We are by now used to hearing people, not just Republicans or convinced conservatives, but certain kinds of professed Democrats, profess to be “scared” of the notion of Bernie Sanders as either candidate or President. Not to worry, I would counsel. Who among us is frightened of the idea of truth-telling (an apt description of someone who would admit the simple fact that Cubans gained in literacy under Fidel Castro)? And is the idea of universal health care really all that scary?

But batten down such doors as thou wouldst. It’s still a free country. But there is a reason why more Democrats (thus far) have responded to Bernie than to any of his opponents. As, for that matter, there had to be a reason why, in 2016, more Republican primary voters opted for Trump over his GOP rivals.
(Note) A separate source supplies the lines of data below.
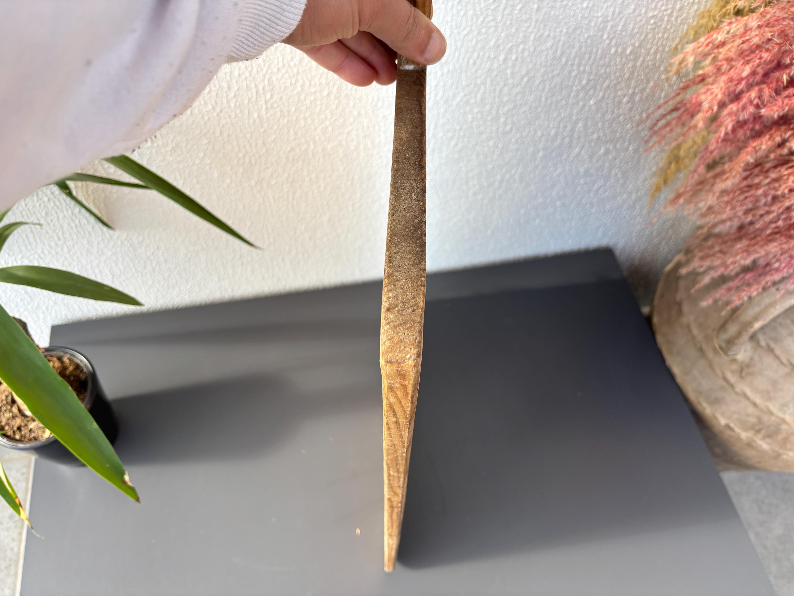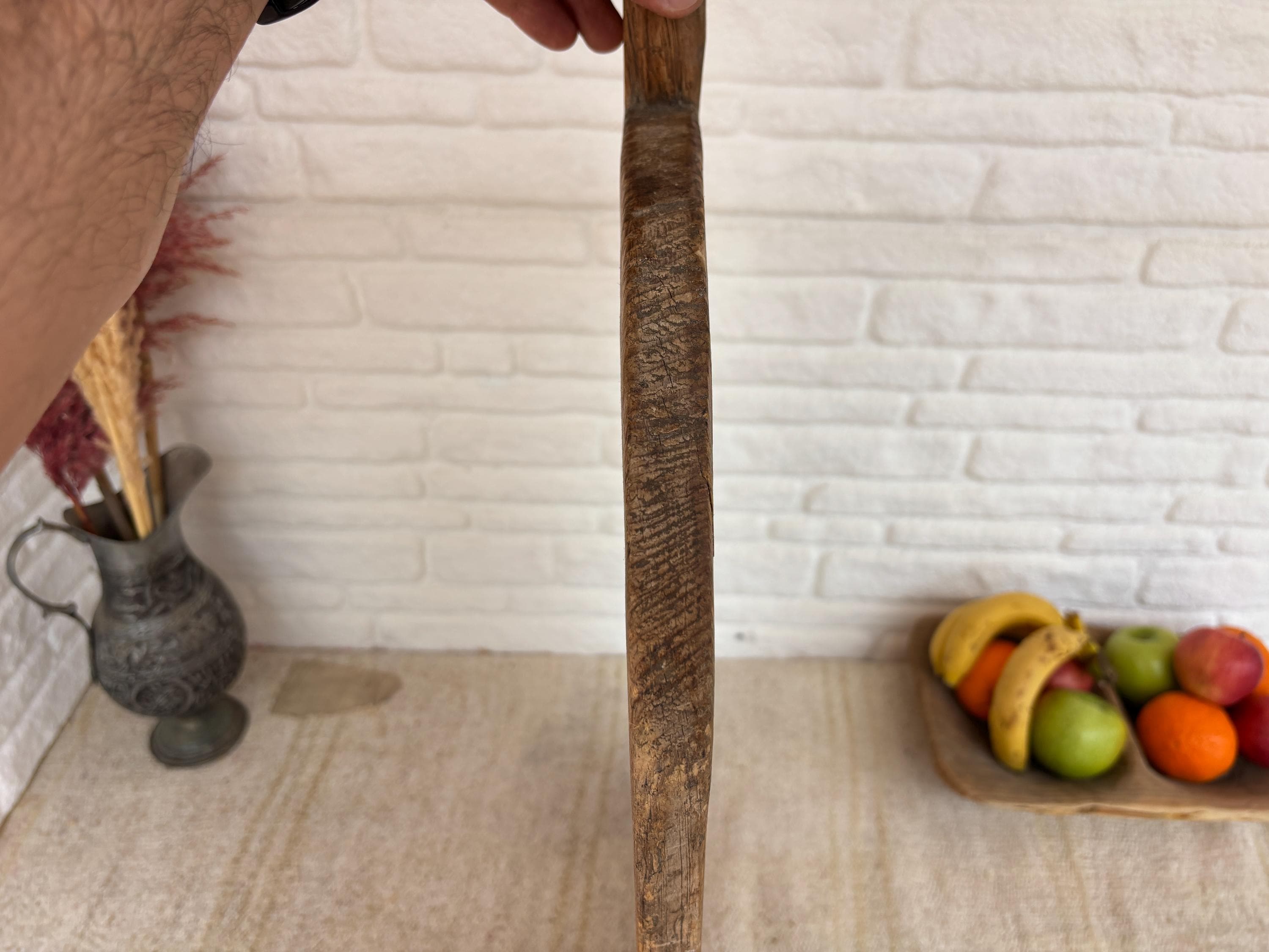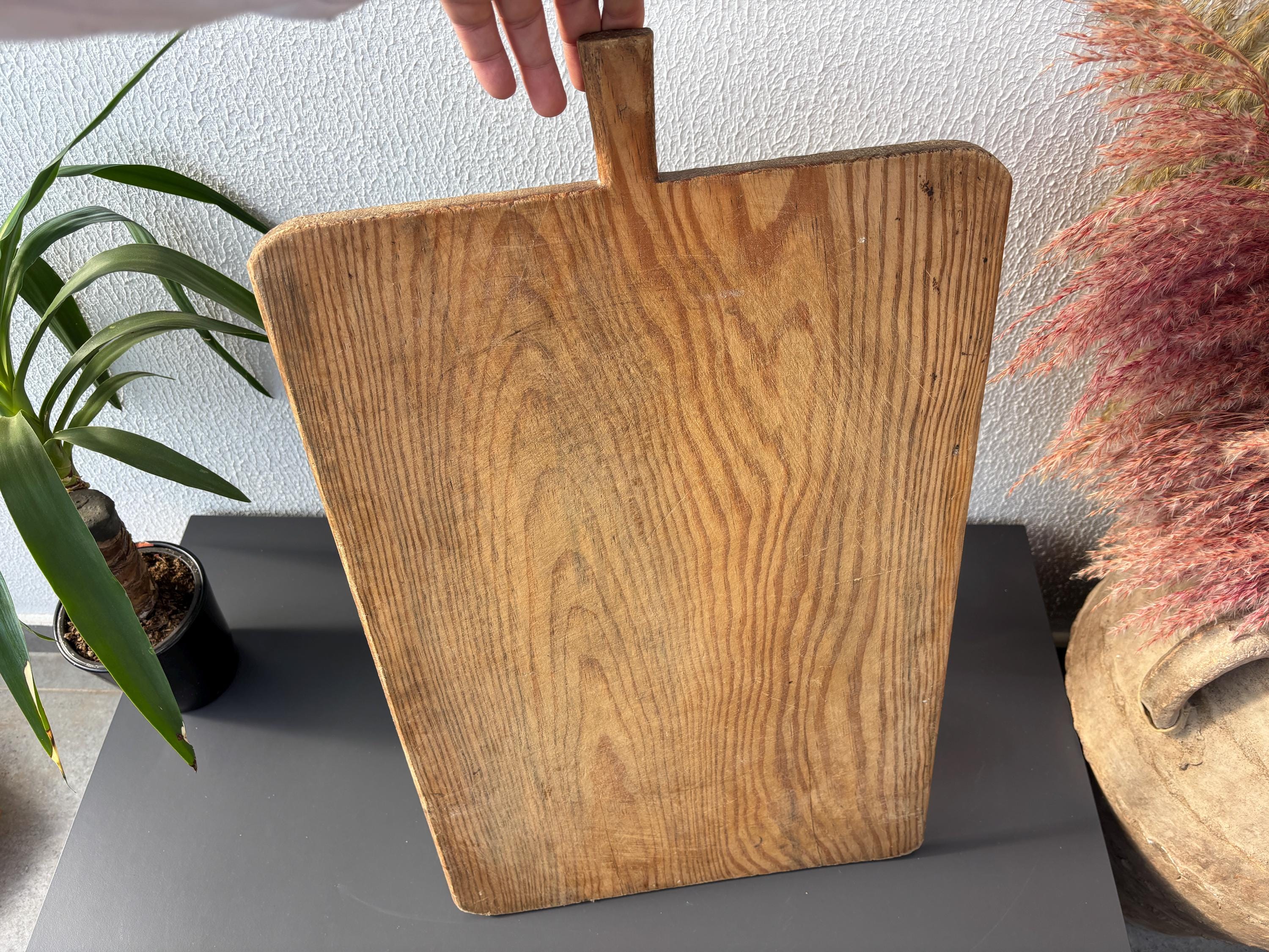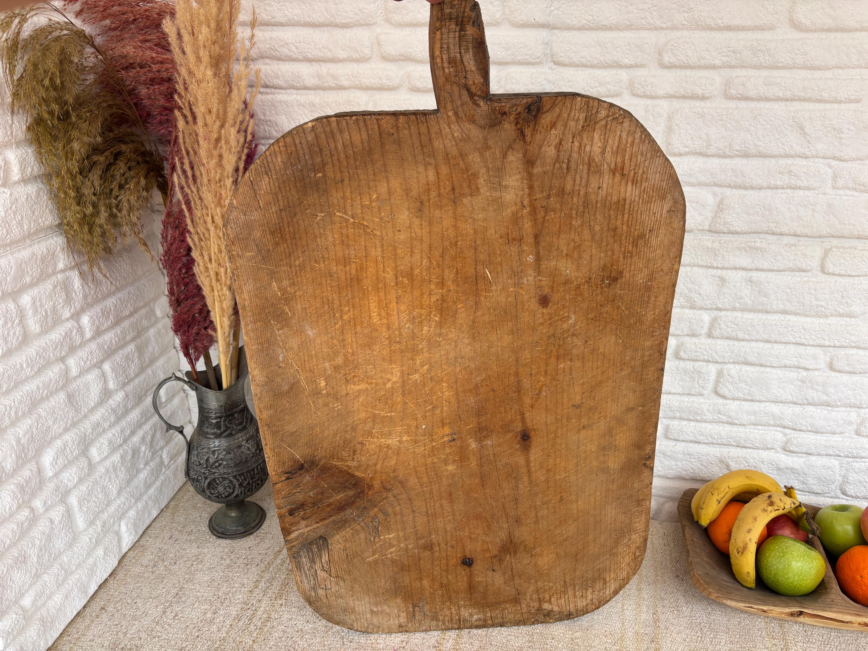 Crafted decades ago in rural Turkey, no two boards are exactly alike. Some are wide and worn smooth, others have deep patina or a hand-carved handle—each shaped by time and use. Whether hung on a kitchen wall, styled on a rustic table, or used as a serving piece, it adds soul to any space.
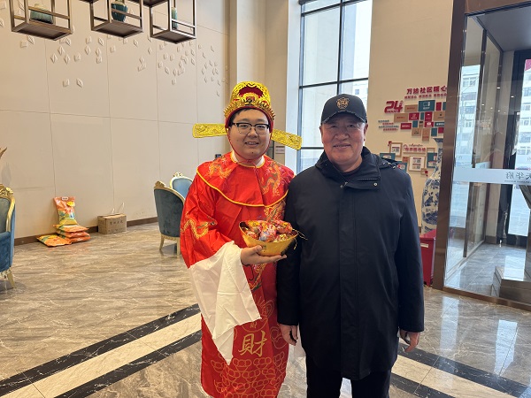 農(nóng)歷正月初五,民間也俗稱“破五”是迎財(cái)神的日子。隨著春節(jié)的喜慶氛圍日益濃厚,中天物業(yè)特別籌劃“迎財(cái)神”活動(dòng),客服中心工作人員化身“財(cái)神爺”,為業(yè)主送上新春的祝福!物業(yè)工作人員頭戴花冠,身穿紅袍,手捧金元寶,將金幣、元寶、金條等各種形狀的巧克力和糖果放在金元寶里送給業(yè)主,寓意財(cái)?shù)?、福運(yùn)到!在這個(gè)充滿喜慶的日子里,我們的財(cái)神爺穿梭在小區(qū)的每一個(gè)角落,為業(yè)主們送上甜蜜的糖果和誠(chéng)摯的祝福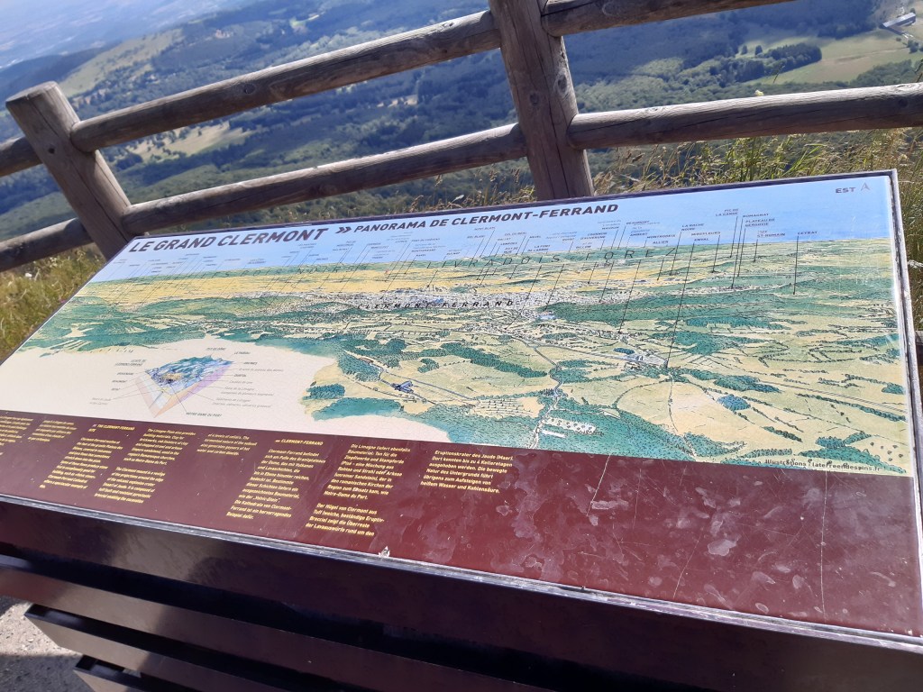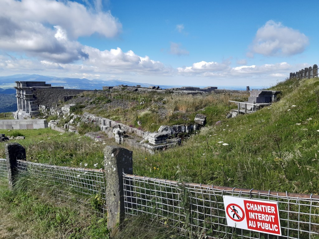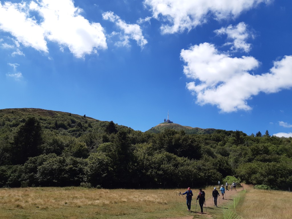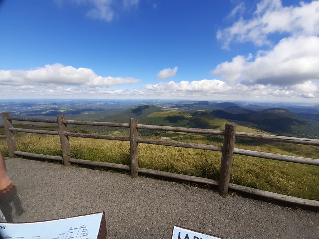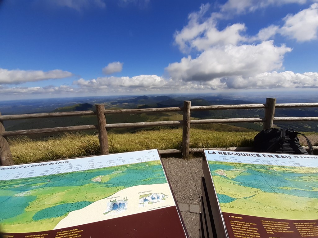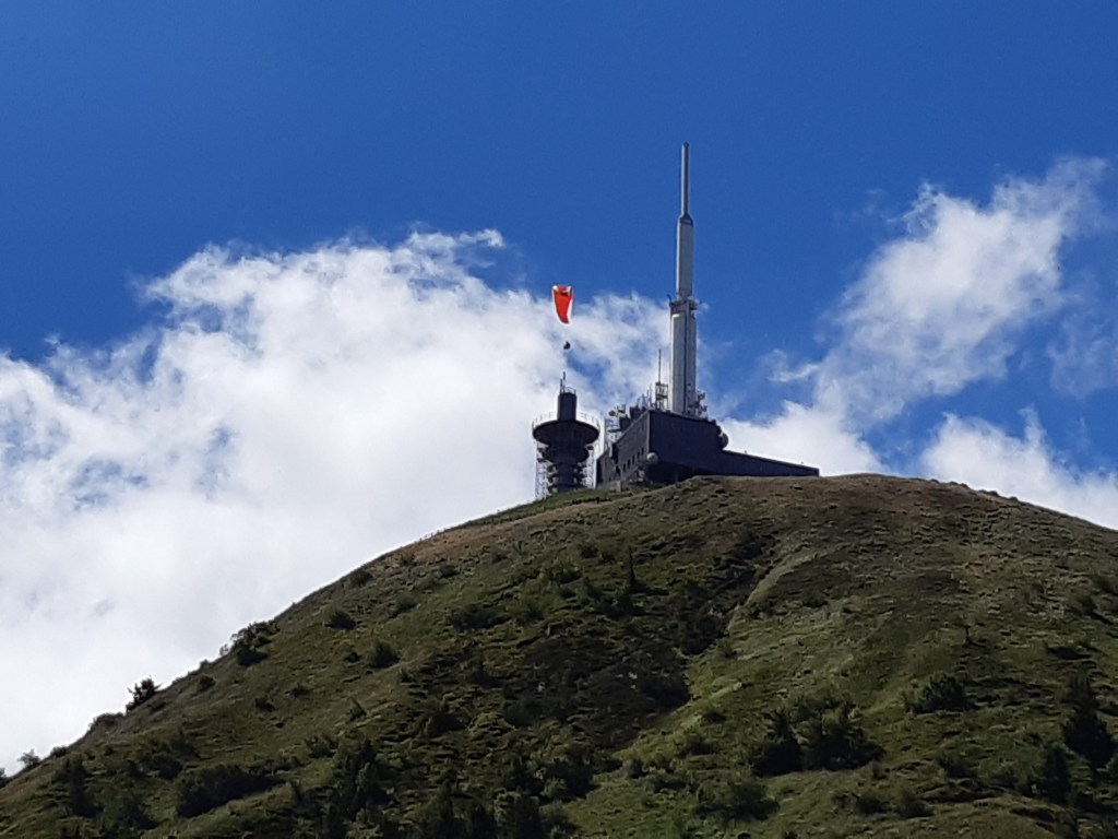 J’arrive au parking, départ de l’ascension du Puy-de-Dôme. C’est impressionnant ! Je soulage mes épaules, fais le plein d’eau et ne tarde pas trop. Je commence la montée par le chemin des muletiers, me fais rapidement doubler par d’autres randonneurs (non chargés) et des trailers qui me doublent en courant. Je ne les comprends pas, je préfère profiter du paysage. Bon, en même temps avec ma charge, je ne pourrais pas aller plus vite. Les derniers virages arrivent. Je me sens comme Frodon Sacquet sur la montagne du destin au Mordor. Mais plus je monte, plus le vent est fort et frais. Je m’arrête remettre le sweat posé avant le parking. J’arrive enfin en haut. La vue à elle seule est une récompense. Mais les fameuses montagnes que je vois de chez moi ne me permettent pas de voir chez moi. Je n’arrive même pas à trouver où c’est exactement malgré les panneaux indicatifs. Mais la chaîne des Puys est vraiment magnifique, on distingue bien les volcans et on se rend compte qu’on est bien peu de chose face à cette immensité.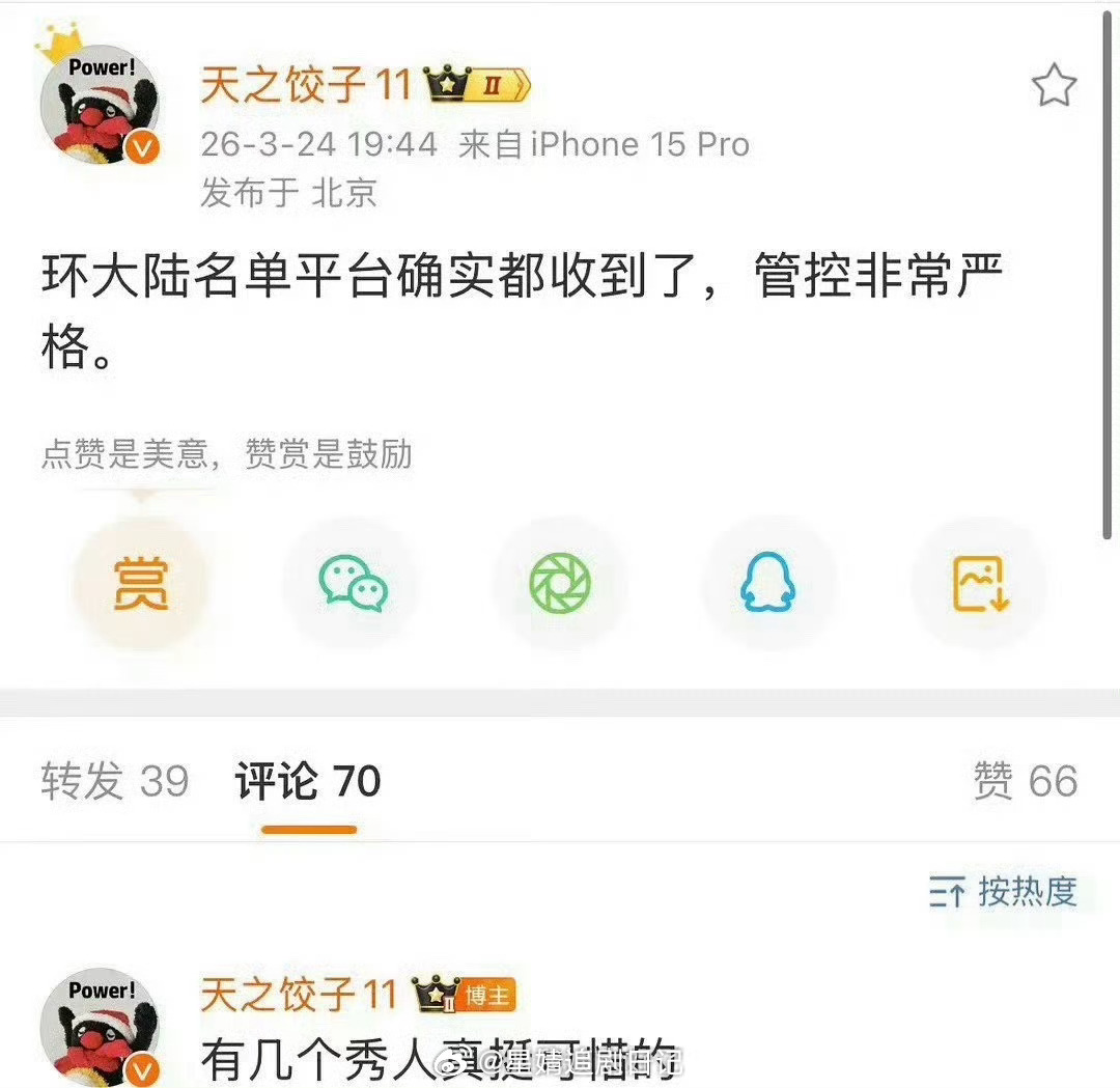 禁环大陆到底是真是假?6.1为什么还有商务 都怪田栩宁 吃到🍉6.0都被叫停了,少了线下变现的渠道,这下只能靠商务杂志了~ 环大陆真完蛋了,一个不留…就是因为田栩宁,环大陆才加码的现在哪怕小配角都不让出来了,怎么可能名单会没有他,养蛊要不得哦 这次是真的很严格,《初三的六一儿童节》副CP短剧已经不能播了,其他人后续商务也不能接。完蛋了 不过,这一点也不影响割韭菜,🈲商务才能杜绝根本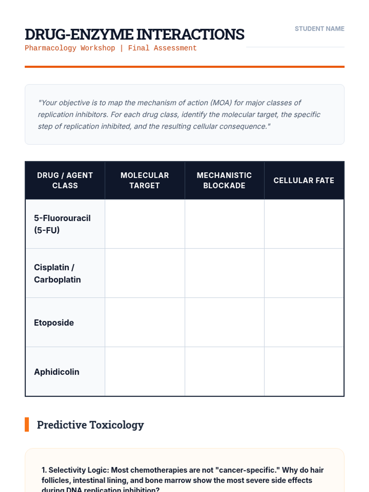 A comprehensive undergraduate-level sequence on the enzymology and kinetics of DNA replication, exploring the molecular machinery, fidelity mechanisms, and clinical applications of replication inhibition.

I add this note as a brief postscript to my cover story in the Flyer’s October 27 print edition because, though I unmistakably credited Sanders with being the Democratic front-runner in that article, I did not spell out his candidacy to the same degree as some of the other Democrats. Consider this a remediation of sorts.

Someone, once upon a time, called for there being “a choice, not an echo.” We can all agree, surely, that a race between Bernie Sanders and Donald Trump would, if nothing else, provide that.